• Exercise goal:
Look below for the line containing "Figura 4. Evento"; from there through the line containing "今回の例会は「リンゴトラップ", both lines included, please set down each line exactly and nothing else.

• Data for review:
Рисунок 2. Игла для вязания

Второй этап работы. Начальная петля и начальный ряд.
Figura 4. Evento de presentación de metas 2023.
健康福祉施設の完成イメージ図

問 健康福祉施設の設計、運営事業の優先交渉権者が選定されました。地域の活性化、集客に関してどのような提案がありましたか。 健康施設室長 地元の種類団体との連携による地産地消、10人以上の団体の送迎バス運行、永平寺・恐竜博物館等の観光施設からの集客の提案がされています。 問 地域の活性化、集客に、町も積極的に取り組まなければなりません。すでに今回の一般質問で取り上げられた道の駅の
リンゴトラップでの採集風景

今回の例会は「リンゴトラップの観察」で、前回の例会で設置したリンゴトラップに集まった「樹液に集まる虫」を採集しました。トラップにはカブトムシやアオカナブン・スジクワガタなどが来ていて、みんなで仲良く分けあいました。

...

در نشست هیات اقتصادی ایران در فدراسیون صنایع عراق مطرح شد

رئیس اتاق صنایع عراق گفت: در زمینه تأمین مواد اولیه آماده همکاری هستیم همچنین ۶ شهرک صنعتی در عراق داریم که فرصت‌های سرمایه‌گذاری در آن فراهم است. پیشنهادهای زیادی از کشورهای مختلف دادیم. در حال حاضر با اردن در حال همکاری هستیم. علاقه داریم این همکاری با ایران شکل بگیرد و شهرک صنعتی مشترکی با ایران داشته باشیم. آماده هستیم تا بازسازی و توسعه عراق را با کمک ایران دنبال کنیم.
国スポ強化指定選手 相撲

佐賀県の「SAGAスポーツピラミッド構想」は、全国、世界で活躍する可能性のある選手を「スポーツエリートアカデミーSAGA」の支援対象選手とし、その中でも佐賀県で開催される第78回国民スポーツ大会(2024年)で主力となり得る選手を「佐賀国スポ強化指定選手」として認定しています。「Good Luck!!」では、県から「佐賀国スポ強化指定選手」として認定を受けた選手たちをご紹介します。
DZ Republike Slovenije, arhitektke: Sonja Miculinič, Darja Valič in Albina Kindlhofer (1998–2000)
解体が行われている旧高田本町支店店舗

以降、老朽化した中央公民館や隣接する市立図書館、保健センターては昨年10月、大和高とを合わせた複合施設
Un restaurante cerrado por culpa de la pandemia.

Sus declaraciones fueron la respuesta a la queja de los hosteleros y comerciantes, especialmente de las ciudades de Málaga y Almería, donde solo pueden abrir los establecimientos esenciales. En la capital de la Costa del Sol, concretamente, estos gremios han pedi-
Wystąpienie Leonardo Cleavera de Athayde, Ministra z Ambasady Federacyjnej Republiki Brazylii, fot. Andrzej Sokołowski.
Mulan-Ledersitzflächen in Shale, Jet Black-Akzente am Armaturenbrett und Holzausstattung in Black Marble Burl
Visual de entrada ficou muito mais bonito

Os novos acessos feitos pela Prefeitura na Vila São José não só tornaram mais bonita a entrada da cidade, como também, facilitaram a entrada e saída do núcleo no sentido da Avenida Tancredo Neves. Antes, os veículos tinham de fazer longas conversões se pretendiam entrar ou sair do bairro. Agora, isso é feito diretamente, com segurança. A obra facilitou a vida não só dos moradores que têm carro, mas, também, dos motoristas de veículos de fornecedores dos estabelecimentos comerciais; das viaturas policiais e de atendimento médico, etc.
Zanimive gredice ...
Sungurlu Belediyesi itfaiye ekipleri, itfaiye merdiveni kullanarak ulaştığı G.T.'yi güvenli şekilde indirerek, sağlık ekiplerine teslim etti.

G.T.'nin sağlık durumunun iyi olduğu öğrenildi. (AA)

...

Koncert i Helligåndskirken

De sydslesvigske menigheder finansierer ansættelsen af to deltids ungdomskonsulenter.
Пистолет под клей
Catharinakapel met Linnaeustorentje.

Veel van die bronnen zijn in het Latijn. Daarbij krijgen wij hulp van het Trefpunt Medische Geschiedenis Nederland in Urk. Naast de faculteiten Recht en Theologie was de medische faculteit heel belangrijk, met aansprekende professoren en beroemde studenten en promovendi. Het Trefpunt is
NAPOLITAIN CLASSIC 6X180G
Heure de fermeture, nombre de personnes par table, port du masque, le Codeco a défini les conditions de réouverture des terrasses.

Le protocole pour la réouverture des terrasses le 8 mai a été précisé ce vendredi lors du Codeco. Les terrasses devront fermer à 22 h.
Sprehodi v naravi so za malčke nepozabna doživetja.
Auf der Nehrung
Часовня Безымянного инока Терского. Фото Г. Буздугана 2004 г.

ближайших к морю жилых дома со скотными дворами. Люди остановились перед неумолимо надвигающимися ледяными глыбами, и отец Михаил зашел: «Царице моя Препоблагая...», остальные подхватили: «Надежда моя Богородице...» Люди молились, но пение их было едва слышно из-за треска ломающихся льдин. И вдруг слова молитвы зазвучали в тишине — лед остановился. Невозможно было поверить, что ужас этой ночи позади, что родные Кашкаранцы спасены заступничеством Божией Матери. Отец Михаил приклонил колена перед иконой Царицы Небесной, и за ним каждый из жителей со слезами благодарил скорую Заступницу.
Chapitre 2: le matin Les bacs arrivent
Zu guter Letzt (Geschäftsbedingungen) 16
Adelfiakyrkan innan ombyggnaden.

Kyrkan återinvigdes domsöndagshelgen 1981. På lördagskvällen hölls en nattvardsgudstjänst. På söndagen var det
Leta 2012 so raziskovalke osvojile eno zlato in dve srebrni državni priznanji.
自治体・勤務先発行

• Exercise output:
Figura 4. Evento de presentación de metas 2023.
健康福祉施設の完成イメージ図

問 健康福祉施設の設計、運営事業の優先交渉権者が選定されました。地域の活性化、集客に関してどのような提案がありましたか。 健康施設室長 地元の種類団体との連携による地産地消、10人以上の団体の送迎バス運行、永平寺・恐竜博物館等の観光施設からの集客の提案がされています。 問 地域の活性化、集客に、町も積極的に取り組まなければなりません。すでに今回の一般質問で取り上げられた道の駅の
リンゴトラップでの採集風景

今回の例会は「リンゴトラップの観察」で、前回の例会で設置したリンゴトラップに集まった「樹液に集まる虫」を採集しました。トラップにはカブトムシやアオカナブン・スジクワガタなどが来ていて、みんなで仲良く分けあいました。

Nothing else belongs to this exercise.